AIM OF THE EXERCISE:
All lines from the one that contains "袜底轻量减震、易磨区 Indestructawool?耐磨加固,4 Degree?精英贴合系统" to the end of the data must be retyped exactly. Pictures are not retyped.

GIVEN INFORMATION:
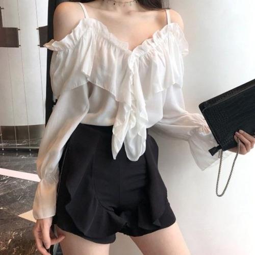 [엄지척]브이넥라인 프릴 센터프릴 오프숄더 2색상 블라우스_19643745_667501
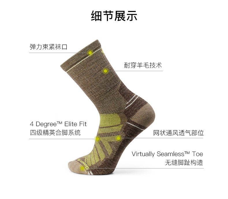 袜底轻量减震、易磨区 Indestructawool?耐磨加固,4 Degree?精英贴合系统 + 防滑袜口,久走不滑不勒,动态控温四季适配。
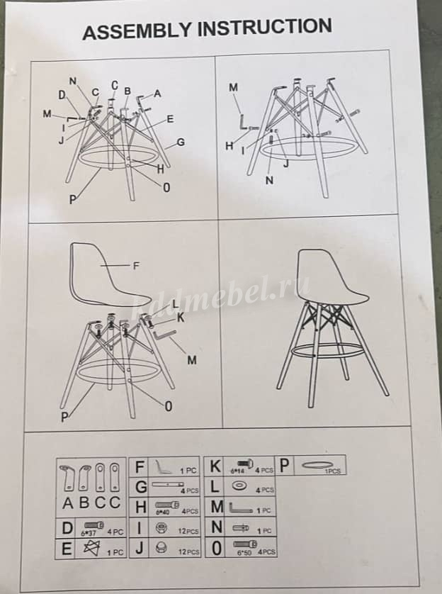 Высота ног (каркас): 670 мм.

REPLY TO THE TASK:
 袜底轻量减震、易磨区 Indestructawool?耐磨加固,4 Degree?精英贴合系统 + 防滑袜口,久走不滑不勒,动态控温四季适配。
 Высота ног (каркас): 670 мм.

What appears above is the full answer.